Transcribe nothing except the lines below that run from the one with "2018年4月9日,来自德国吕贝克应用科技大学的助教Jan Osten与Wiebke Martensen,为DB彩票" to the one with "さて、グランデプライベートド", ends included, and do not copy any picture.

═════ Given records ═════

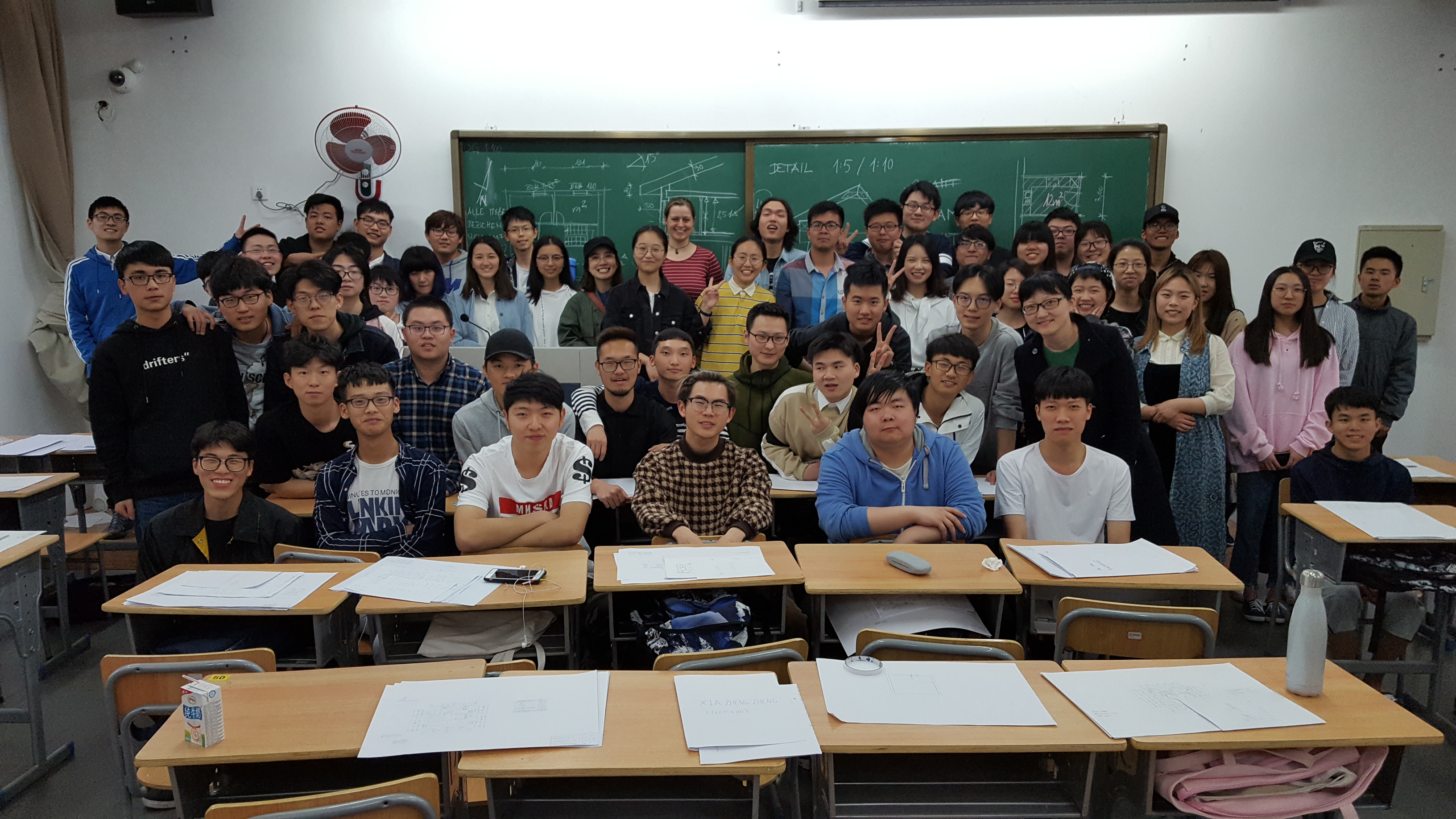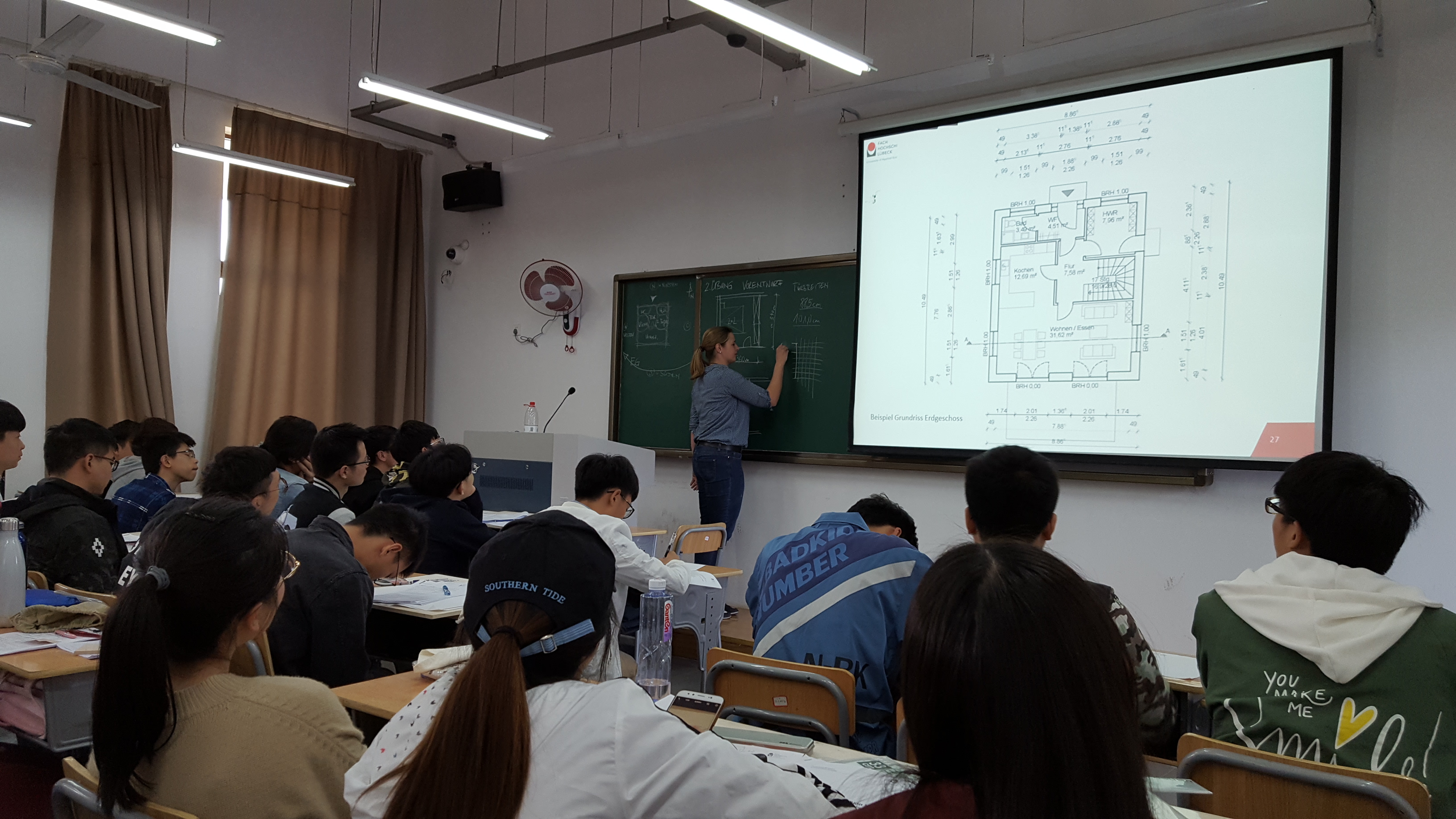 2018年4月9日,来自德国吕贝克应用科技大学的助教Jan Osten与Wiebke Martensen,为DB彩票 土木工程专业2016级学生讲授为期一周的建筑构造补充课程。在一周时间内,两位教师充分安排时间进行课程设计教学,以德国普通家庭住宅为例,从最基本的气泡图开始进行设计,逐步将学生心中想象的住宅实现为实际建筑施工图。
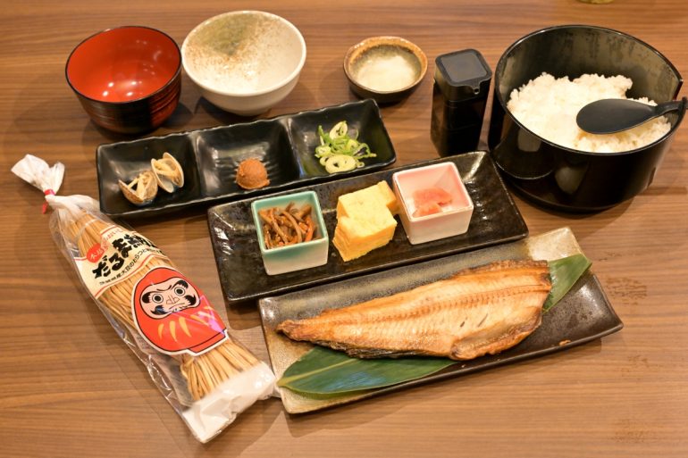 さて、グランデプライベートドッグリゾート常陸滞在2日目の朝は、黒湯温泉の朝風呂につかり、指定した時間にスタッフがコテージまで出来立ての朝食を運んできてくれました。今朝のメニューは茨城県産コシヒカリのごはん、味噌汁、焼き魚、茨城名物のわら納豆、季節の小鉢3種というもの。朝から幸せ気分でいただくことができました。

═════
═════ Given records ═════

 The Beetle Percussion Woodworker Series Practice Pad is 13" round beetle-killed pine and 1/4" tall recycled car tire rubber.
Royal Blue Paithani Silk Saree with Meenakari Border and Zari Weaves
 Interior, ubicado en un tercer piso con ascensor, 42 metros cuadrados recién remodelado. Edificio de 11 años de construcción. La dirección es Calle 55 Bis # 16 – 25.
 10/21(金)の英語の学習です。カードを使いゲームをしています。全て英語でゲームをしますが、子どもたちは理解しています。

═════

§ Written answer:
 2018年4月9日,来自德国吕贝克应用科技大学的助教Jan Osten与Wiebke Martensen,为DB彩票 土木工程专业2016级学生讲授为期一周的建筑构造补充课程。在一周时间内,两位教师充分安排时间进行课程设计教学,以德国普通家庭住宅为例,从最基本的气泡图开始进行设计,逐步将学生心中想象的住宅实现为实际建筑施工图。
 さて、グランデプライベートドッグリゾート常陸滞在2日目の朝は、黒湯温泉の朝風呂につかり、指定した時間にスタッフがコテージまで出来立ての朝食を運んできてくれました。今朝のメニューは茨城県産コシヒカリのごはん、味噌汁、焼き魚、茨城名物のわら納豆、季節の小鉢3種というもの。朝から幸せ気分でいただくことができました。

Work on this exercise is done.